Personal information
- Full name: Daniel Rodríguez Martín
- Nationality: Spanish
- Born: 30 June 1976 (age 50) Andalusia, Spain

Sport
- Country: Spain
- Sport: Wheelchair basketball

= Daniel Rodríguez (basketball) =

Spanish wheelchair basketball player (born 1976)

Daniel Rodríguez Martín (born 30 June 1976) is a Spanish wheelchair basketball player. He represented Spain at the 2012 Summer Paralympics as a member of Spain men's national wheelchair basketball team.

== Personal ==
Rodríguez was born on 12 September 1984 in Andalusia and continued to reside there in 2012. He has a mild physical disability. As a teenager, he participated in athletics, competing in the high jump and sprints. When he turned 18 and until he was 26 years old, he played rugby union for Ranas Rugby Club in Spain's second division. In January 2003, he was in a motor vehicle accident that resulted in paraplegia. While going through rehabilitation, he tried three sports, table tennis, swimming and wheelchair basketball. At the 2013 Benalmádena Grand Gala Sports, he was given a special award for perseverance and dedication.

Rodríguez has made several music videos, and has done work for Antena 3.

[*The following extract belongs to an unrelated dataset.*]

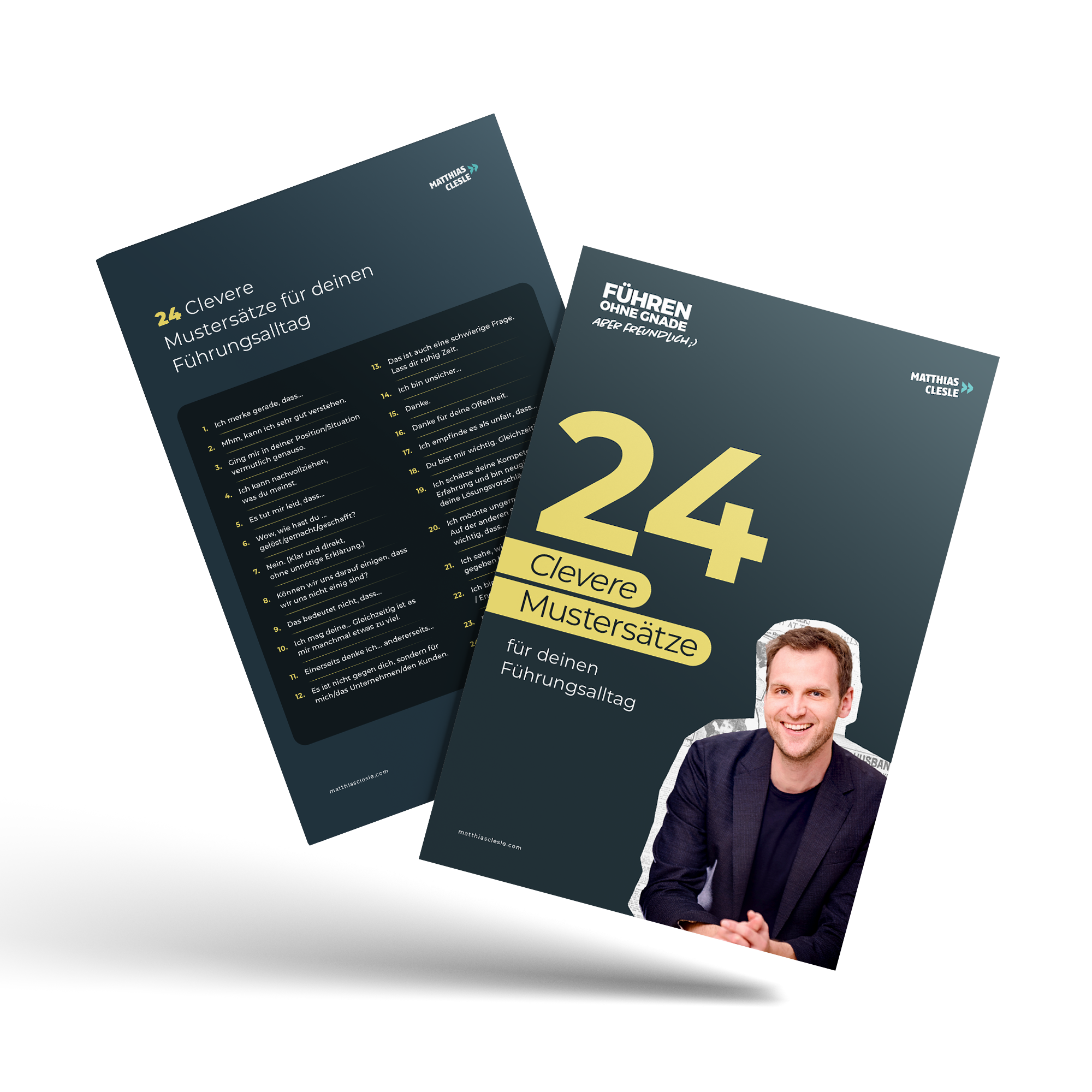 Starke Führung beginnt mit den richtigen Worten. Doch was machst du, wenn dir genau diese fehlen? Genau dafür sind diese 24 cleveren Mustersätze aus unserer täglichen Praxis. Nutze sie, um souverän Konflikte zu lösen, die Leistung deines Teams zu steigern und entspannter durch deinen Führungsalltag zu gehen.

== Wheelchair basketball ==
Rodríguez is a 1 point player, playing as a guard. He took up the sport when he was 27 years old, following a motor vehicle accident. He was recruited while at the hospital by Spain national team player, Paul Martín.

=== National team ===
Rodríguez first represented Spain at the national level during the 2005 European Championship campaign, where the team finished seventh. He competed again at the European Championships in 2007 where his team finished sixth. In 2009, he finished seventh at the European Championships. His selection to represent Spain at the 2011 European Championships was made in March. Rodríguez competed in wheelchair basketball at the 2012 Summer Paralympics in London. It was the debut the Spain national team had qualified for the Paralympics in 16 years. In London, he was coached by Oscar Trigo. His team finished fifth overall. He played in the game against Turkey. He scored 5 points in the team's 67–40 victory of Italy. In November 2013, Rodríguez was awarded a €4,000 scholarship from the Madrid Olympic Foundation to support his efforts to qualify for the 2016 Summer Paralympics.

=== Club ===
His first club team was the BSR Valladolid, which Rodríguez started training with in September 2003. He was one of three players who joined the club at that time, José Luis Robles and Juanjo Alonso being the other two. He played for them during the 2004/2004 season and the 2005/2006 season. For the 2006/2007 season, he played for Murcia team, Fundación Polaris World BSR where they finished second in the league. He played for the team again in 2007/2008 season, where they finished lower on the ladder.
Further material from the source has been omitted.